Eliza ridacchiò come se stesse parlando di un ballo da organizzare, invece che di commercio illegale. Le scarse conoscenze di Neal riguardo gli affari di famiglia e un'accurata ricerca nei documenti dello zio William avevano dato più frutti di quanto immaginasse.

"Mio padre non ha più incontrato quell'uomo", ribatté Molly con una voce acuta che le indicò subito il bluff.

"Certo, certo. E mio zio è stato un ingenuo idealista a rimanere azionista della Whisky and Wine Company... ops, ma questa è la verità!".

"Cosa vuoi, Eliza?". Ora il tono era fermo e vagamente minaccioso.

"Voglio che vi serviate delle vostre... conoscenze per incastrare mio zio. Tuo padre dovrà ritirare la sua quota, ovviamente, se non vuole rimanere coinvolto.
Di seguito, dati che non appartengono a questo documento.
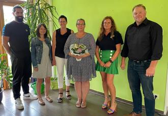Eine Ära geht zu Ende. Schweren Herzens mussten wir im Verlauf dieses Schuljahres unsere langjährige Schulsekretärin, Frau Jutta Heck, in den wohlverdienten Ruhestand verabschieden. Mit ihrer kompetenten und hilfsbereiten Arbeitsweise, war sie dem Schulleitungsteam sowie den Kolleg*innen immer eine große Stütze. Auch um die großen und kleinen Probleme der Schüler*innen kümmerte sie sich. So trug sie trug wesentlich dazu bei, dass wir uns alle an unserer Schule wohlfühlen. Daher bedankte sich die Schulgemeinschaft auch an ihrem letzten offiziellen Arbeitstag mit einigen tollen „Überraschungen“. Vielen Dank für die letzten Jahre! Wir alle werden sie sehr vermissen und wünschen ihr für den nächsten Lebensabschnitt ganz viel Glück, Gesundheit und Zufriedenheit!
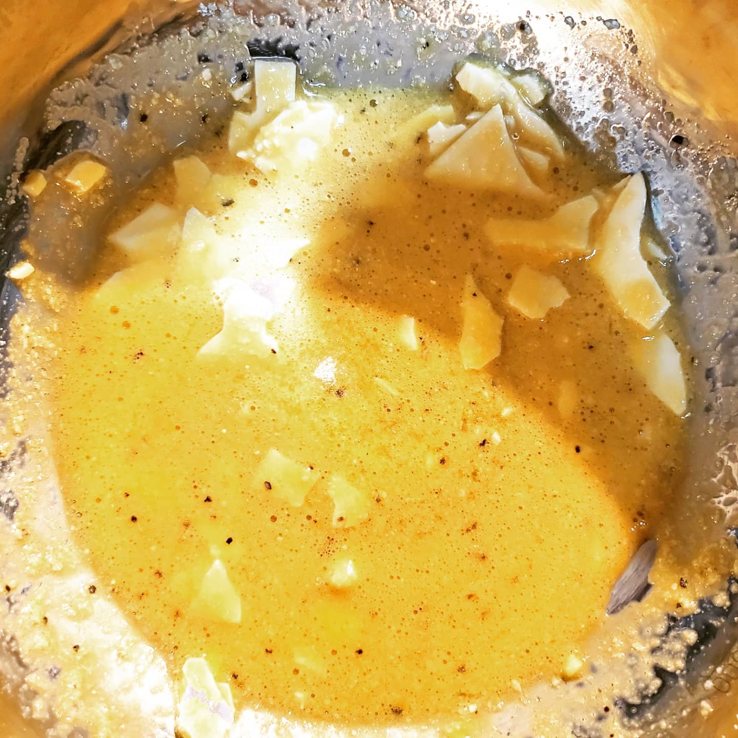 ここで火を強くしてしまうと卵が一気に固まって炒り卵のようになってしまうので、あくまで弱火でじわじわがポイントです。

Farete credere loro che volete rimettere in moto il commercio in maniera del tutto sicura, così che la distilleria ricominci a funzionare".

"E se rifiutano? A chi dovrebbero vendere, poi?". Molly faceva le domande con una sfumatura di ansia che la fece infuriare.

"Non si rifiuteranno se saranno convinti in maniera efficace", ringhiò stringendo forte la cornetta. "Possono vendere a chiunque, inclusi uomini onesti che non si aspettano un dono del genere".

"Non capisco".

Eliza sospirò: "Sai, c'è un'impresa di costruzioni di cui sono proprietari gli Ardlay che ha sede a Londra. Ogni anno, mio zio invia loro a prezzi molto convenienti alcune bottiglie di pregiato Whisky scozzese che fanno parte della riserva che abbiamo a Lakewood. Ovviamente, al momento ha dovuto smettere, ma se una delle sue distillerie in disuso si ritrovasse improvvisamente a fare da tramite per questa consegna e Scotland Yard ricevesse una soffiata...".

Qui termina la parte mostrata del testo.